[Start of Attachment]

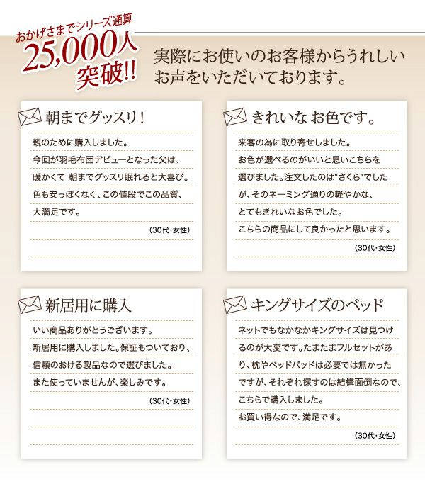 厳選素材使用して、ISO認定工場で作られた安心の羽毛布団 Quality:
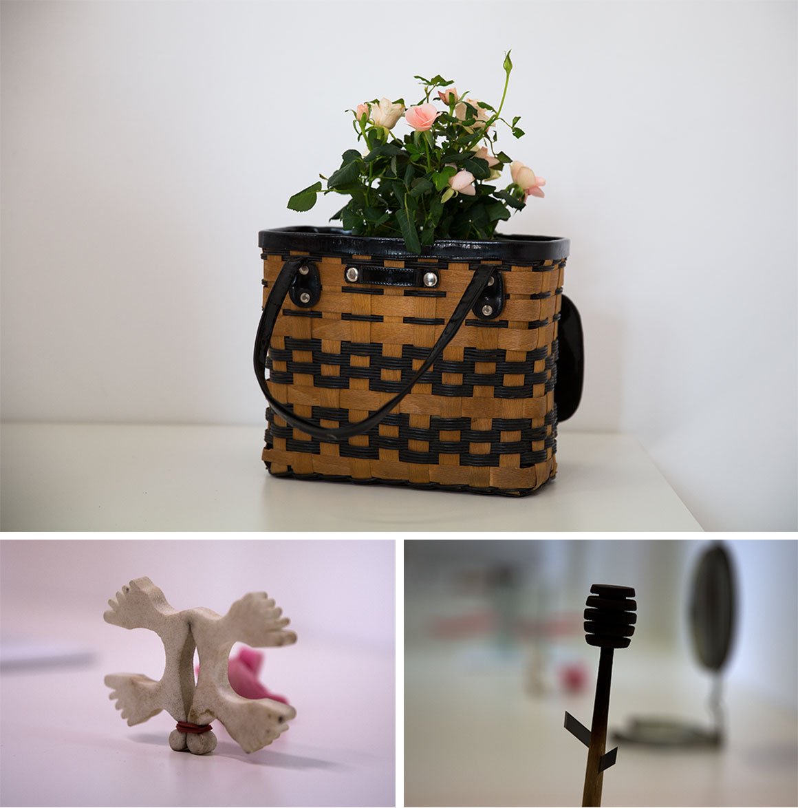 Outro exemplo: é proibido tirar coisas do lixo. Esta lei penaliza os sem-abrigo (dormir ao ar livre também é proibido em algumas zonas de Budapeste) e os ciganos. Daí que os objectos na exposição sejam todos feitos com coisas tiradas do lixo. “É arte proibida”, diz Moyzes. “A ideia era mostrar o absurdo desta lei. Acabei por me focar mais na lei do lixo, mas também tenho um objecto, o cesto, que é uma referência à lei da madeira”, explica.
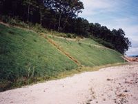 種子・肥料・保水材等と肥料袋等が装着された人工張芝。法面の保護と緑化に用いる。崩壊した斜面や、法面に張り付け植物を生育、緑化することにより斜面を安定させる。
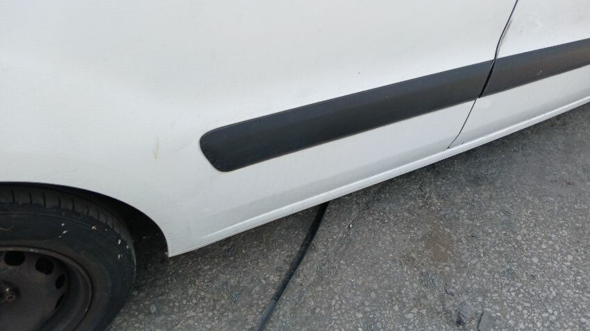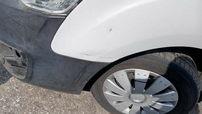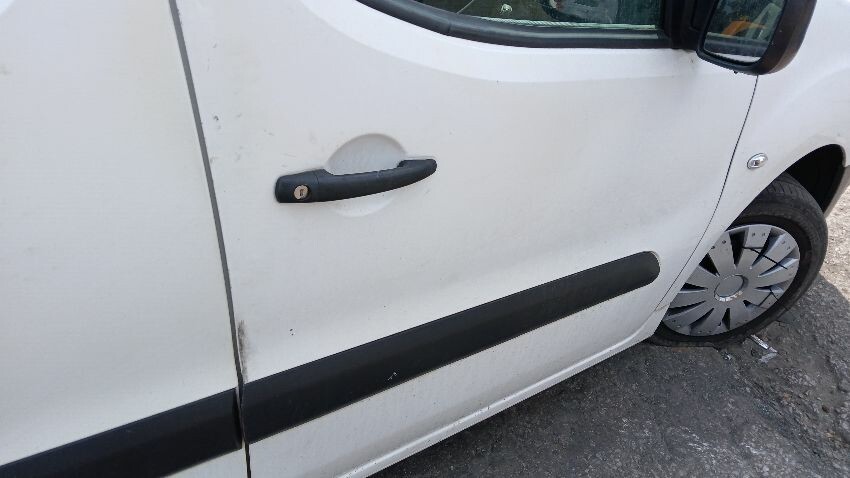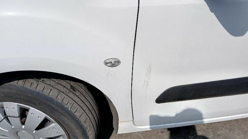 Front bumper, bonnet, n/s front wing, n/s wing mirror, n/s front door, n/s sliding door, n/s rear quarter, both rear doors, n/s rear door not on hinges, rear bumper, o/s rear quarter, o/s door, o/s front wing, scuffs and scratches all over, general wear and tear for age and mileage, multiple warning lights on dash

[End of Attachment]

_What to work on:_
Once the line with "種子・肥料・保水材等と肥料袋" is found, write out that line and every later line of the listing above exactly, through the last one, and skip any pictures.

_Answer section:_
 種子・肥料・保水材等と肥料袋等が装着された人工張芝。法面の保護と緑化に用いる。崩壊した斜面や、法面に張り付け植物を生育、緑化することにより斜面を安定させる。
 Front bumper, bonnet, n/s front wing, n/s wing mirror, n/s front door, n/s sliding door, n/s rear quarter, both rear doors, n/s rear door not on hinges, rear bumper, o/s rear quarter, o/s door, o/s front wing, scuffs and scratches all over, general wear and tear for age and mileage, multiple warning lights on dash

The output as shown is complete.